Saudi Basic Industries Corporation (SABIC) is likely to post a 47% drop in net profit for the first quarter of 2025. Riyad Capital’s latest report forecasts profit to fall to SAR 130 million ($34.63 million), down from SAR 246 million a year earlier.
This decline comes as the global petrochemical market faces strong headwinds. Increased output from China and low plant utilisation rates worldwide continue to weigh on the sector. New U.S. tariffs have added uncertainty to global trade.
Petrochemical Leaders Face Sharp Declines, Says Riyad Capital
Other major Saudi petrochemical firms are also set to report weaker results:
- Yanbu National Petrochemical Company (Yansab) is expected to see a 94% drop in net profit, down to SAR 6 million.
- Saudi International Petrochemical Company (Sipchem) could post SAR 34 million in profit, marking an 81% decline from last year’s SAR 182 million.

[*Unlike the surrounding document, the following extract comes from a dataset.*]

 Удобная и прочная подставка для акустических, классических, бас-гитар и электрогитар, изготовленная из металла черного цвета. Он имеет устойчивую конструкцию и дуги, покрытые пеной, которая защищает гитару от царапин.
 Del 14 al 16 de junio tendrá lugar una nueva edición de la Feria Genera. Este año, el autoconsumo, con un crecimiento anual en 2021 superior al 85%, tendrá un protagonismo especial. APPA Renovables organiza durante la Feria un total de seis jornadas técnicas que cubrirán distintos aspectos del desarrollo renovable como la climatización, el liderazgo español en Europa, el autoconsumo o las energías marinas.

- On a positive note, SABIC Agri-Nutrients Company is forecast to grow net profit by 4% year-on-year, reaching SAR 877 million.

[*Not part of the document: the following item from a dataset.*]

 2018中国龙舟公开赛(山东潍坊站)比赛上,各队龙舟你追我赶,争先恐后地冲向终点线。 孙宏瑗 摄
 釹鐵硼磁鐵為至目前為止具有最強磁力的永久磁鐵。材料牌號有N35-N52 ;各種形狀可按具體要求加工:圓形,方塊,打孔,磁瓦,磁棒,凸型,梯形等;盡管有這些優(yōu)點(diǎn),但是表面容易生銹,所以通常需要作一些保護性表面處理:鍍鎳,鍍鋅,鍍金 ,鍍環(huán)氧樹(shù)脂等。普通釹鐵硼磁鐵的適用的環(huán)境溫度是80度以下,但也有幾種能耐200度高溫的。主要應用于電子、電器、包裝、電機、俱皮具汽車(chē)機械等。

While revenue is expected to grow by 7% across companies under coverage, overall profits may drop 54% year-on-year. Riyad Capital attributes this to uneven margin recovery and ongoing pricing pressure across many product lines.
Fertiliser Segment Shows Strength Despite Industry Headwinds
Despite widespread profit declines, fertiliser producers appear more resilient. Riyad Capital expects higher sales and better margins in this segment. Disruptions in global urea supply and seasonal demand are helping drive growth.
“We maintain a cautious-to-negative outlook for most products,” the report noted. “Rising Chinese capacity and global under-utilisation remain key concerns. Still, recent U.S. trade policies might give Saudi exporters a chance to fill supply gaps left by American firms.”
Although the broader petrochemical industry is under pressure, Saudi fertiliser producers are well-positioned to benefit from shifting trade dynamics and ongoing demand for essential nutrients.